**TASK ITEM**. Beginning with the line where "Proteja o seu" appears, set down each line exactly until the records below end, and omit the pictures.

**DATA**.
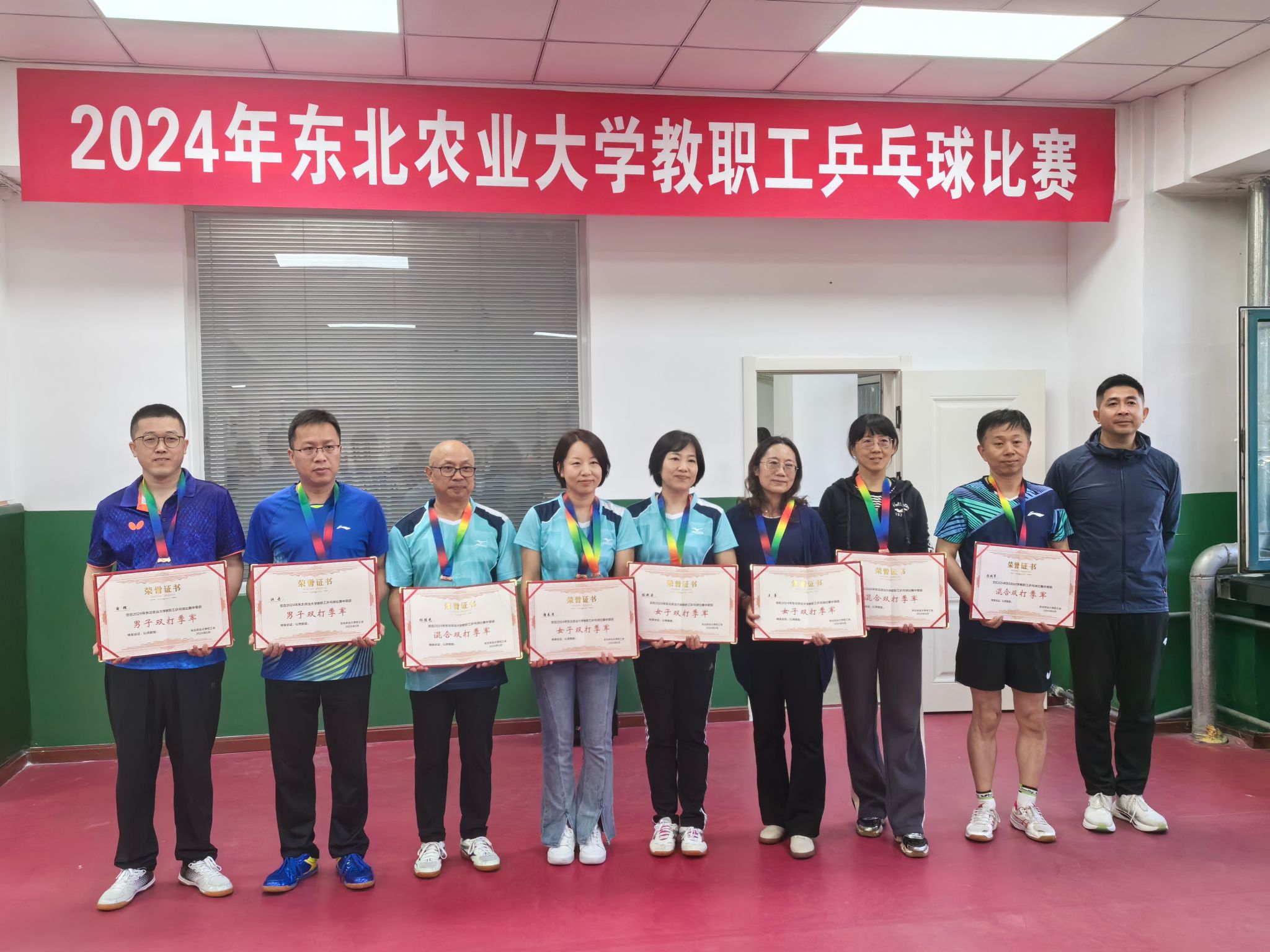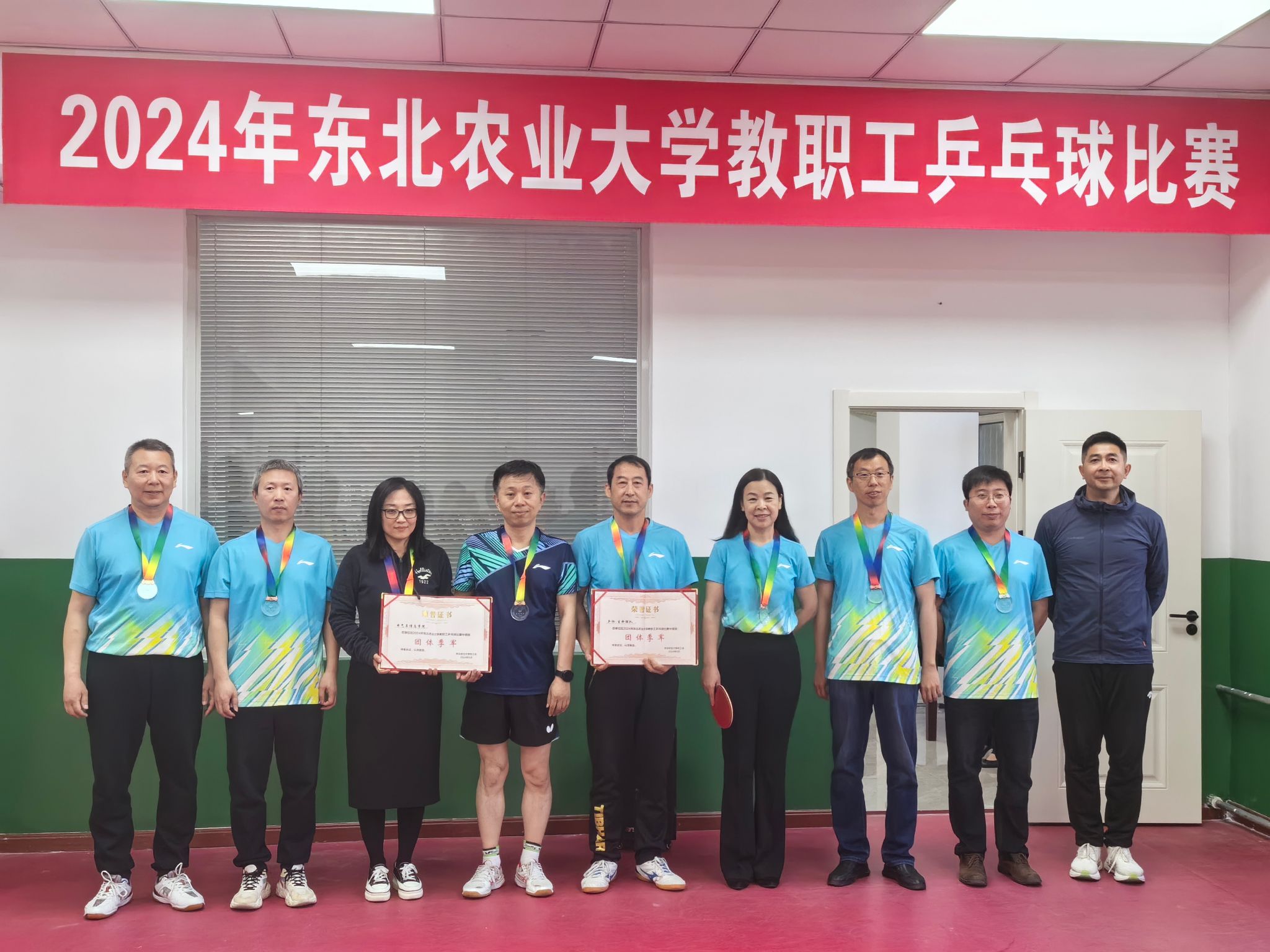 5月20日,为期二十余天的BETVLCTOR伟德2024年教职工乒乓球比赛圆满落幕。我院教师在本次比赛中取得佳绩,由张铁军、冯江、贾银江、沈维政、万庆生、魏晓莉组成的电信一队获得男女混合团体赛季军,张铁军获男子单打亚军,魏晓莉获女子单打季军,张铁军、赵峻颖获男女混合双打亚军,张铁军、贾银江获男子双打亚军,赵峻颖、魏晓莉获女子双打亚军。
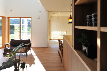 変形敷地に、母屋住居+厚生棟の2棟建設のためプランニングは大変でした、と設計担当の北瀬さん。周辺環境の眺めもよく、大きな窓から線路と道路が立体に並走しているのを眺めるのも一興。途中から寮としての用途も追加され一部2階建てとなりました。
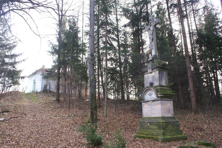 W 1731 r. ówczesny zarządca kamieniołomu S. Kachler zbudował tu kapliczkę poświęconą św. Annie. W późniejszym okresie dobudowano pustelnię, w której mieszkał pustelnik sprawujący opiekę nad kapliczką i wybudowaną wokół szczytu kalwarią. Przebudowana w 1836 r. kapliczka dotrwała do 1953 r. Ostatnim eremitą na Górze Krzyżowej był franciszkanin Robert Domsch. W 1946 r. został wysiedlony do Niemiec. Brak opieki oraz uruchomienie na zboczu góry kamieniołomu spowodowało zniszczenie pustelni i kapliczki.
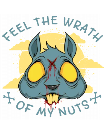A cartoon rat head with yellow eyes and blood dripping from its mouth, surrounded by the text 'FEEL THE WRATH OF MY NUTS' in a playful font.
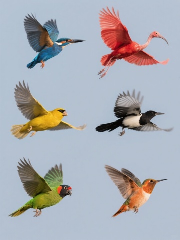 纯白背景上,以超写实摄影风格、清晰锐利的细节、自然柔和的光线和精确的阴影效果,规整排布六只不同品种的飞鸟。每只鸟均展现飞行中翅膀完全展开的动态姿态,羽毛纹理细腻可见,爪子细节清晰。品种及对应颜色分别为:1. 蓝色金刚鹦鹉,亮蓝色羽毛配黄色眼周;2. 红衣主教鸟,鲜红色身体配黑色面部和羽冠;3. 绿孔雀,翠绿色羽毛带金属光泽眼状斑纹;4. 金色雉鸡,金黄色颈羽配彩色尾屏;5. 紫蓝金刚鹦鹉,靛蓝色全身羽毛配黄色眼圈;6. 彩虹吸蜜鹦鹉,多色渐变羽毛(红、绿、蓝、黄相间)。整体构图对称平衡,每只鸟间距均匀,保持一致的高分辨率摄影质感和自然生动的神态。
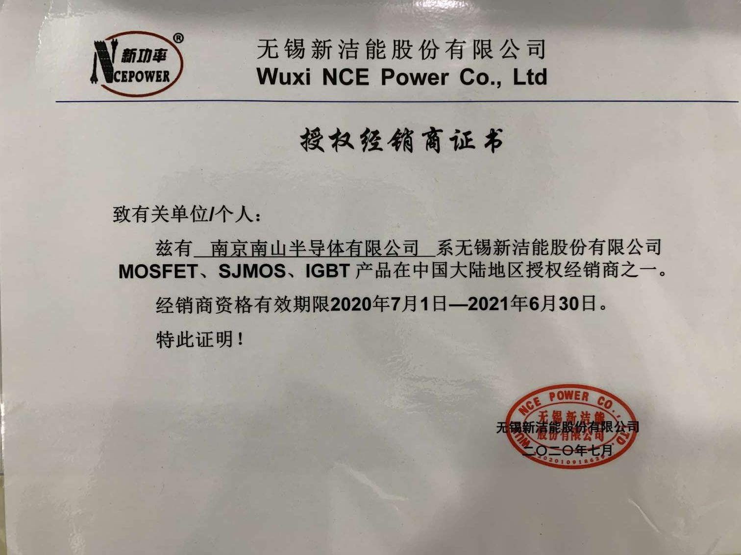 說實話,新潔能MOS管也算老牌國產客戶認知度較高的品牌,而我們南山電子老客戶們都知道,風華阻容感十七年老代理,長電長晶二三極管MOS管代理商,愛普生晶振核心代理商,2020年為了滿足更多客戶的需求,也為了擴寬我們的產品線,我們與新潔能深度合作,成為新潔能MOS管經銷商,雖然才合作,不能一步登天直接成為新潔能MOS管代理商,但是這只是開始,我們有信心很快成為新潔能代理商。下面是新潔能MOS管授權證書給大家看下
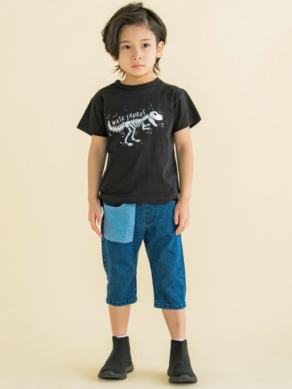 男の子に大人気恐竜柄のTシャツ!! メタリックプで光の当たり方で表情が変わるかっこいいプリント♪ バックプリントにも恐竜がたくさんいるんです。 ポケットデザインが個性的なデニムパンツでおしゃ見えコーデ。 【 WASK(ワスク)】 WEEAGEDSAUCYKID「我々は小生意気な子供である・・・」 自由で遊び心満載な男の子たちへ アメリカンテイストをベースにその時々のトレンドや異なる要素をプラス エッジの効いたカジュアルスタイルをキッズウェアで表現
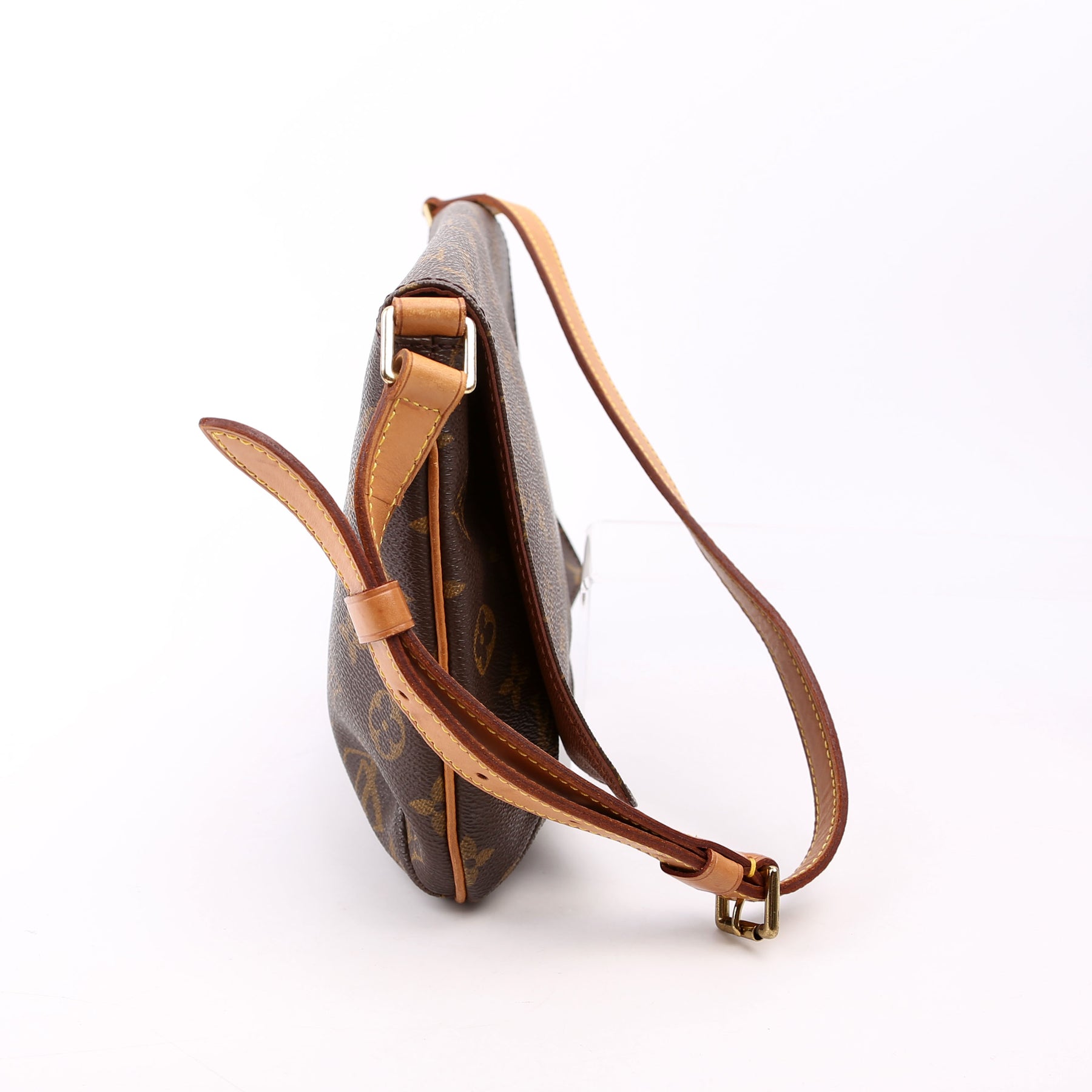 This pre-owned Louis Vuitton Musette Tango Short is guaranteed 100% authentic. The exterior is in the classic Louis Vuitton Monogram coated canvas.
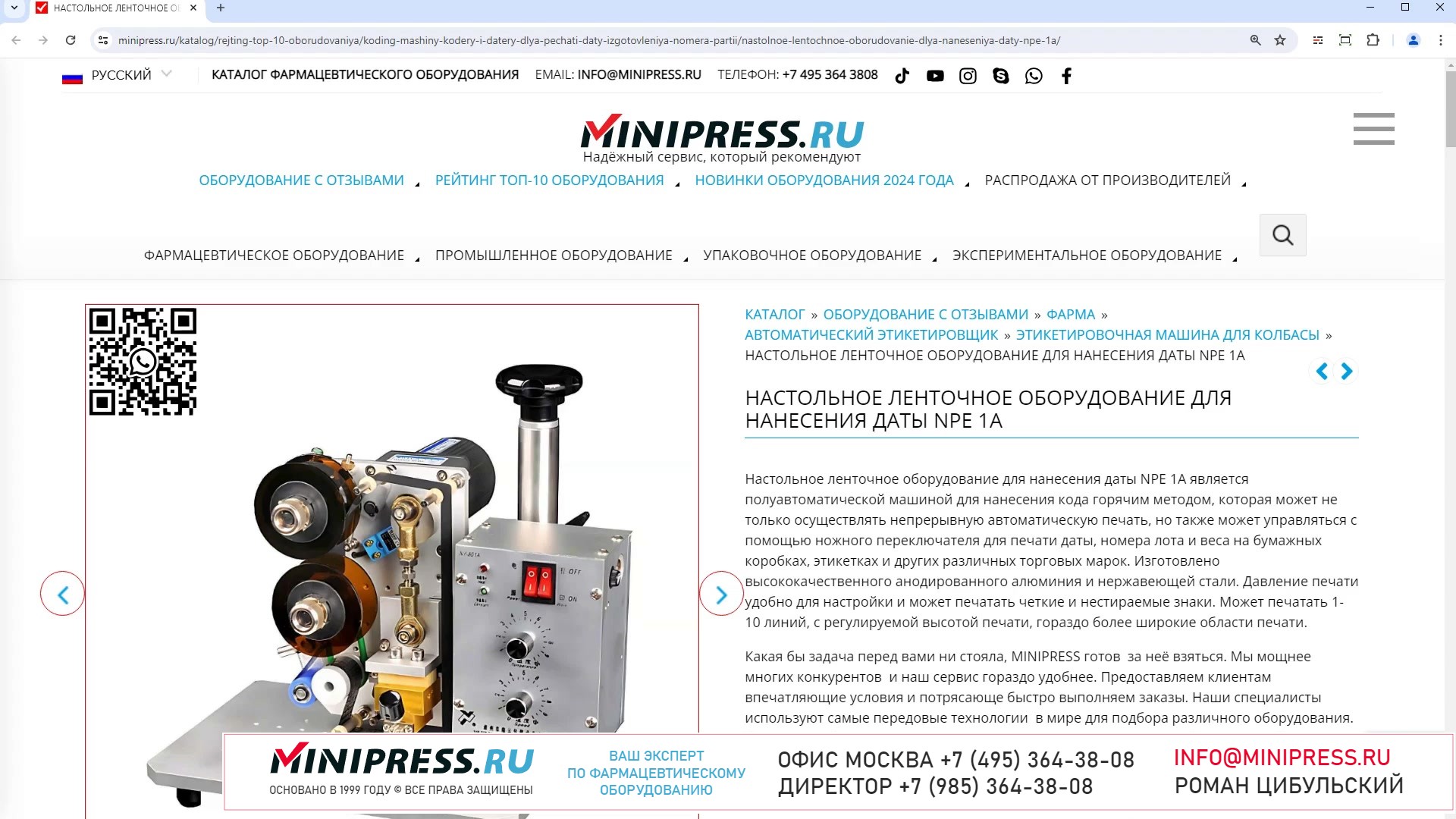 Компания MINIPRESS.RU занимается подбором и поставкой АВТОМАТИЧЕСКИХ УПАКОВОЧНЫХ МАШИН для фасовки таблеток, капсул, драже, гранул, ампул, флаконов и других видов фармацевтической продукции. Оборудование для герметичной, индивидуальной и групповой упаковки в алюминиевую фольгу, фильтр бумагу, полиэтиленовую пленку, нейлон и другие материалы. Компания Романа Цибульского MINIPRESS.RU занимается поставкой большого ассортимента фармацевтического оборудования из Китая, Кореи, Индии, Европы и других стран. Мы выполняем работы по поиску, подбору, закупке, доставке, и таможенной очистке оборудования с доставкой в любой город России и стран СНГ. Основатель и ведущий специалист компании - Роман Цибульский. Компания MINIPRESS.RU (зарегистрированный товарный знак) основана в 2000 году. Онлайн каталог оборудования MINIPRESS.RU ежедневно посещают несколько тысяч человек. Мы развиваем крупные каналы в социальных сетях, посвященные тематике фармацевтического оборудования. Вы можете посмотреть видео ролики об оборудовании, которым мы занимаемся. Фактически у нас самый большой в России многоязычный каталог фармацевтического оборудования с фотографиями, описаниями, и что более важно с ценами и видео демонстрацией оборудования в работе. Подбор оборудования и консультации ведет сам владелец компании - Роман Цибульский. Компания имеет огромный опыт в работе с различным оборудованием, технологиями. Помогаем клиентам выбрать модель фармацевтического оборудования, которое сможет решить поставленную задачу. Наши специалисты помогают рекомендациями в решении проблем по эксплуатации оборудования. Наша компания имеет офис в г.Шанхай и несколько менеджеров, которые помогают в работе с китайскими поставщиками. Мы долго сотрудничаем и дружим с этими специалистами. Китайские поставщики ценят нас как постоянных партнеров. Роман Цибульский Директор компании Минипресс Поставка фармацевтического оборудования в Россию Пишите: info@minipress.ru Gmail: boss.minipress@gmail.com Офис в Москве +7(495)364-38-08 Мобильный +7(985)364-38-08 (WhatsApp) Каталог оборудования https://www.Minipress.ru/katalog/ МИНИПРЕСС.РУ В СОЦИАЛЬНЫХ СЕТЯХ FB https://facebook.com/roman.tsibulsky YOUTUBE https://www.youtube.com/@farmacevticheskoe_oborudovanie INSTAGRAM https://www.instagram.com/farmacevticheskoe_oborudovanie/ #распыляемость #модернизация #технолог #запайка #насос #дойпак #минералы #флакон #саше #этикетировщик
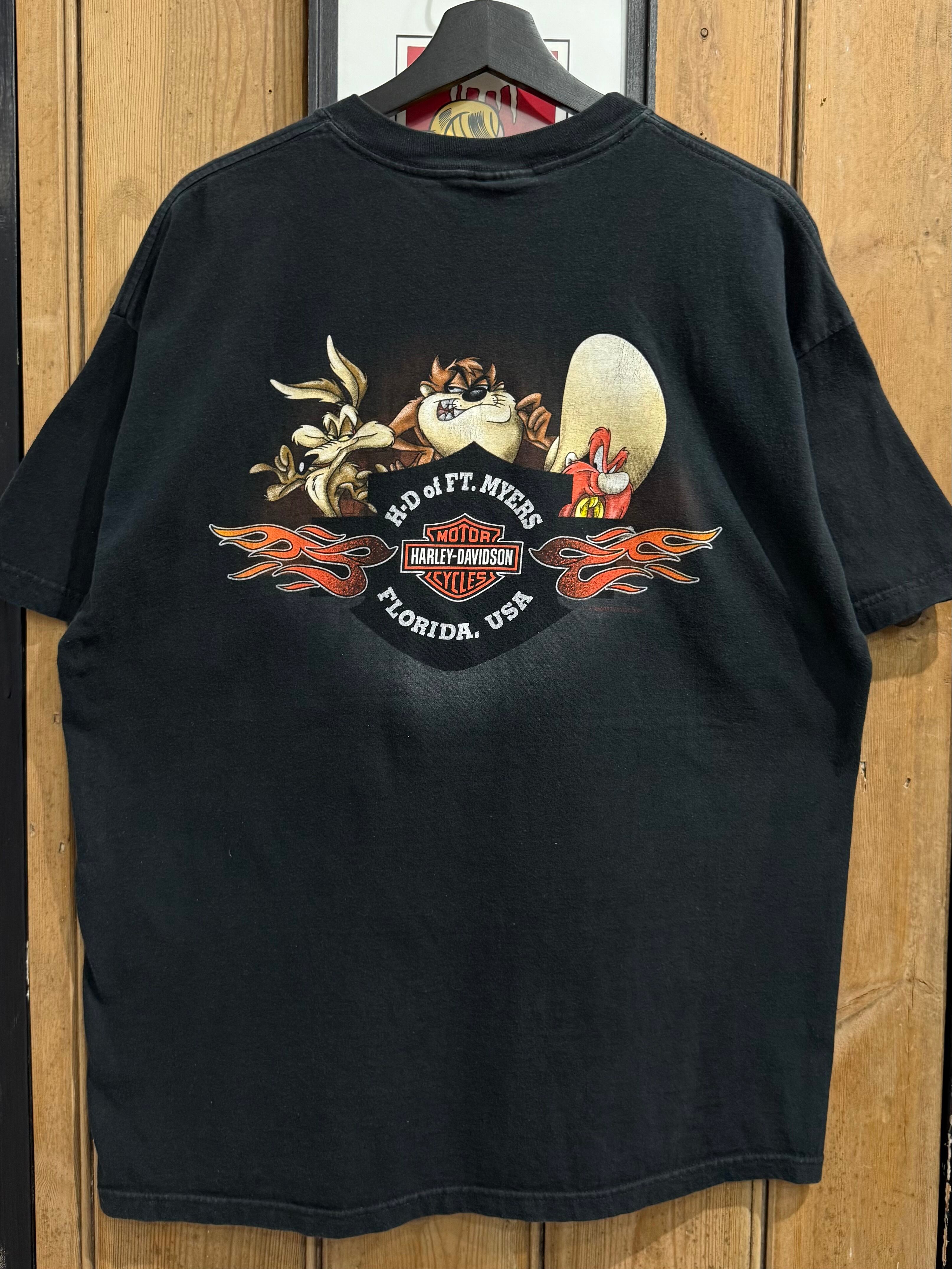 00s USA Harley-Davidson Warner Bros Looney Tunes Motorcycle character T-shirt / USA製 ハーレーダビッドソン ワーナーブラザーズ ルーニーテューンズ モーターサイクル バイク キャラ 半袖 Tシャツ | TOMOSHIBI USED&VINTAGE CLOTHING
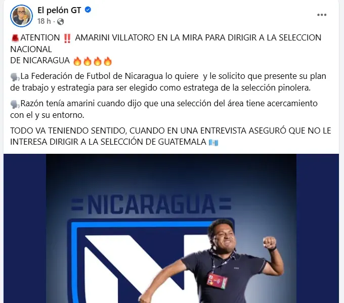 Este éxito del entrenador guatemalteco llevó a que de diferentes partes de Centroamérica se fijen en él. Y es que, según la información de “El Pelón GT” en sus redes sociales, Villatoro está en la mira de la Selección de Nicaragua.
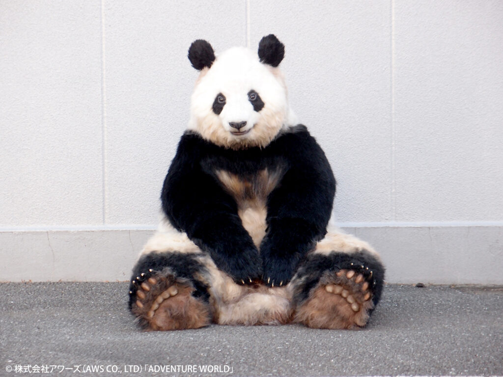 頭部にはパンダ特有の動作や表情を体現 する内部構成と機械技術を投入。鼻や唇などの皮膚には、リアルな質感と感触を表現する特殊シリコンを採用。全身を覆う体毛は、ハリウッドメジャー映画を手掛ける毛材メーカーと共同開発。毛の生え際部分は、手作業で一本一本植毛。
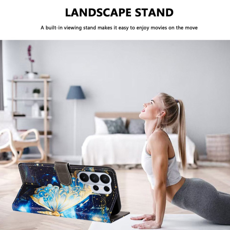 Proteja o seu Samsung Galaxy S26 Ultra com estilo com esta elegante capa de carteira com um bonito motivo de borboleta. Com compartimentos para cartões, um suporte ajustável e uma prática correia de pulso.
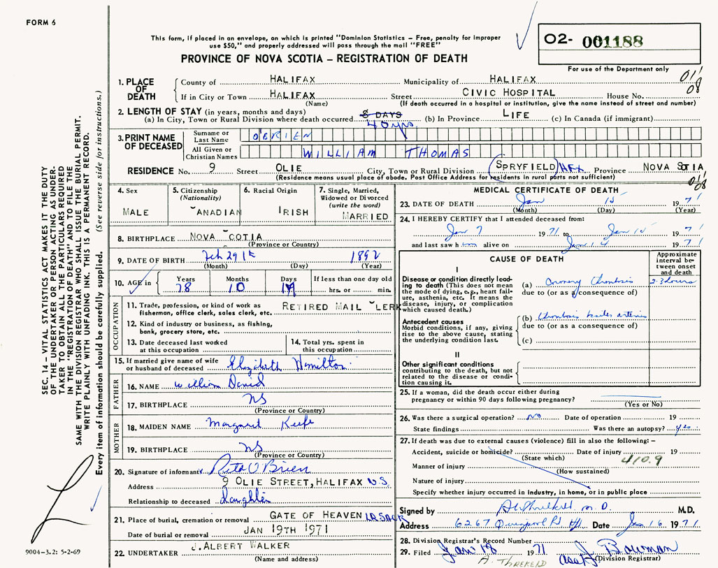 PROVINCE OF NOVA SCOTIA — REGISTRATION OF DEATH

**ANSWER FOR THIS EXERCISE**.
 Proteja o seu Samsung Galaxy S26 Ultra com estilo com esta elegante capa de carteira com um bonito motivo de borboleta. Com compartimentos para cartões, um suporte ajustável e uma prática correia de pulso.
 PROVINCE OF NOVA SCOTIA — REGISTRATION OF DEATH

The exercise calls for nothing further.